Önümüzdeki günlerde seçim kampanyası başlayacak ve partiler programlarını açıklamak zorunda kalacaklar. Şimdi partiler programlarını hazırlıyorlar. Ancak partiler ve liderleri çoğu kez programlarından çok farklı bir politika takip ederler. Programların uygulanması Filistinlilerin uyguladığı veya uygulamadığı politikalara bağlıdır. Filistinde kaos ortamı, en iyi şekilde hazırlanmış bir programı bozabilir.
Partilerin aday listeleri
Bu yazıyı kaleme aldığım sırada İşçi Partisi aday listesini seçmekle meşgul. 117 bin üyesinin önemli bir kısmının oy kullanacağı seçimde en çok oyu kazananlar arasında eski ve ünlü siyasetçilerin yanı sıra seçmenlerin beğendiği yeni kişiler de yer alacak.
Peresin ve İşçi Partisinin ileri gelen iki milletvekilinin Kadima Partisine geçmesine rağmen, bu partinin milletvekilleri arasında değerli kimseler bulunacak. Ancak İşçi Partisinin karşılaşacağı güçlük seçilecek adaylardan değil, parti liderinden kaynaklanacak.
İsrailin tek sorunu yoksulluk olsaydı, başarılı bir işçi lideri olan Amir Peretz seçmelerin büyük bir çoğunluğunun oylarını alıp hükümetin başına geçebilirdi. Oysa, ekonomik sorunlar dışında ülkenin, siyasi ve güvenliğe ilişkin çok önemli sorunları var. Seçmenlerin büyük çoğunluğu Peretzin bu sorunları çözecek ne yeteneği ne de deneyimi olduğuna inanıyor.
Peretz, Şimon Peresin partide kalmasını sağlayabilseydi ve onu partinin iki numaralı adamı konumuna getirseydi, İşçi Partisi bu seçimlerden çok güçlü çıkabilirdi.
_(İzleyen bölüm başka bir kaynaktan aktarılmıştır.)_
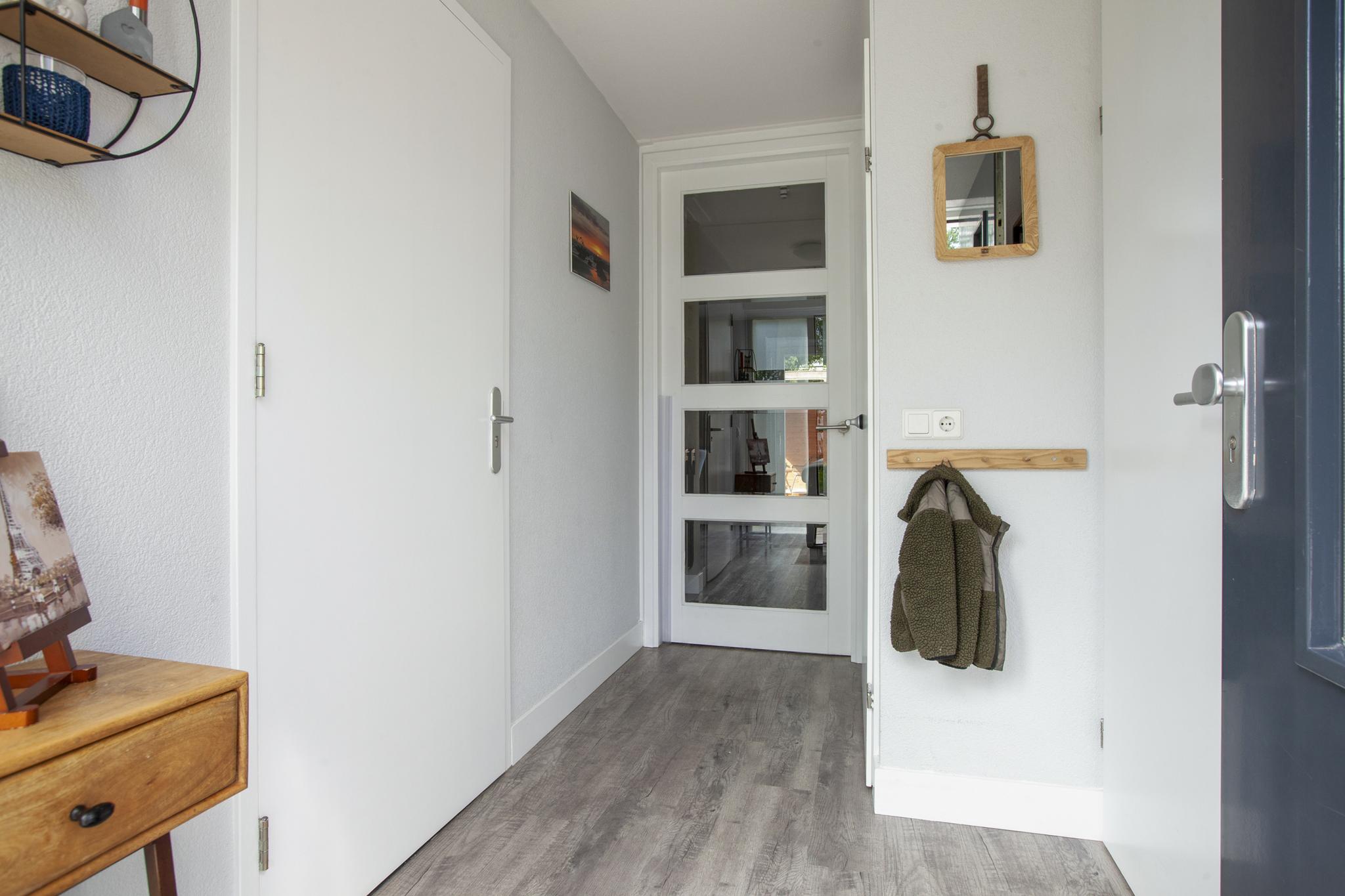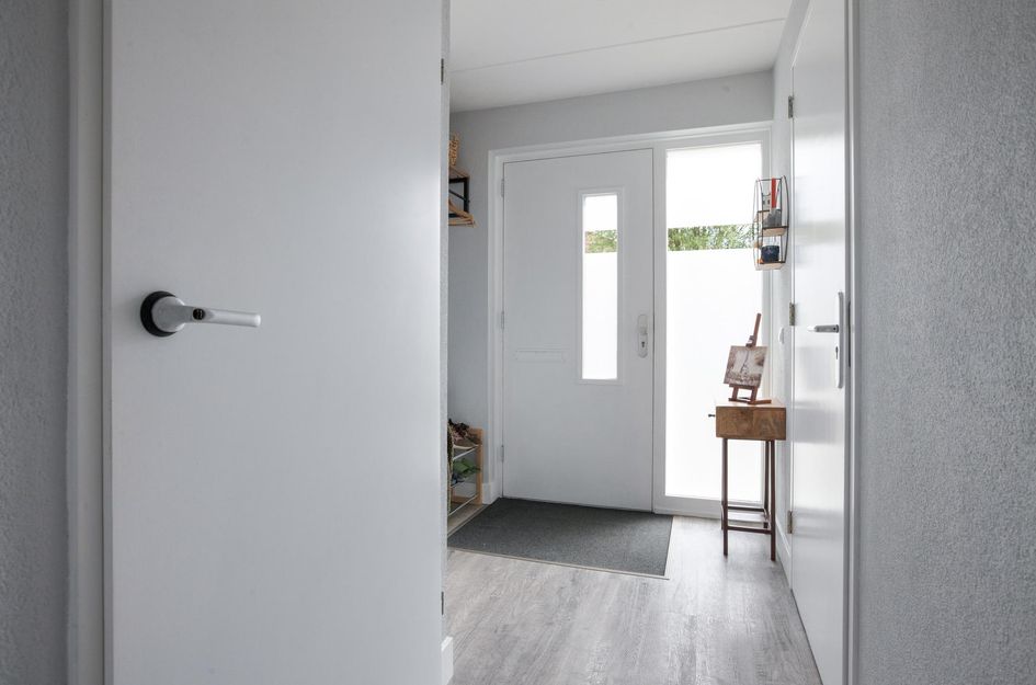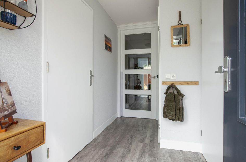De strak aangelegde voortuin is deels overkapt zodat je droog de hal in stapt. De hal heeft direct een deur naar de inpandige berging/bijkeuken inclusief wasruimte. Deze ruimte is volledig betegeld en er is voldoende ruimte om je spullen op te bergen. Ook heeft deze ruimte een deur naar buiten en zijn de wasmachine en droger hier opgesteld. De hal is verder voorzien van de garderobe, meterkast, licht betegelde toiletruimte en een glasdeur naar de woonkamer.

Ancak Şimon Peres Olmertten sonra Kadimanın iki numaralı adamı olacak. Bu nedenle şimdiye dek İşçi Partisini destekleyenlerin bir kısmı Kadimaya oy vermeye hazırlanıyor. Bu gün seçilecek ekibin en zor görevi, onların partiye geri dönmesini sağlamak olacak.
Likudda gelişmeler
Netanyahu, aday belirleme işinde başarılı oldu. Seçimlerden yararlanarak Olmert dahil Likudun dört bakanını istifa etmeye zorladı. Merkez Komitesinin aday listesinde, Netanyahunun istediği birkaç yeni isimle birlikte eski simalar da var. Ancak eskiler listenin başında yer almıyor. Buna çok kızan eski bakanlar, açıkça: "Netanyahu bu seçimlerde 20 milletvekili çıkartamazsa, seçimlerden sonra onu parti başkanlığından atmaya çalışacağız" diyorlar. Yapabilirler de
Şaronun Likud liderliğinden çekilmesi, bu partiyi çok zayıflattıysa da, yok etmedi. Knessetin ikinci partisi konumunda olabilir.
Şimdiki Knessetin üçüncü partisi konumunda olan merkezdeki Şinuy Partisi ise, bu aday seçme işleminde başarılı olamadı. Bu nedenle, önümüzdeki seçimlerde tamamen yok olabilir. Parti lideri Tommy Lapid başarılı bir gazeteciydi, ama anlaşılan siyaset yapmak için, farklı yeteneklere sahip olmak lazım.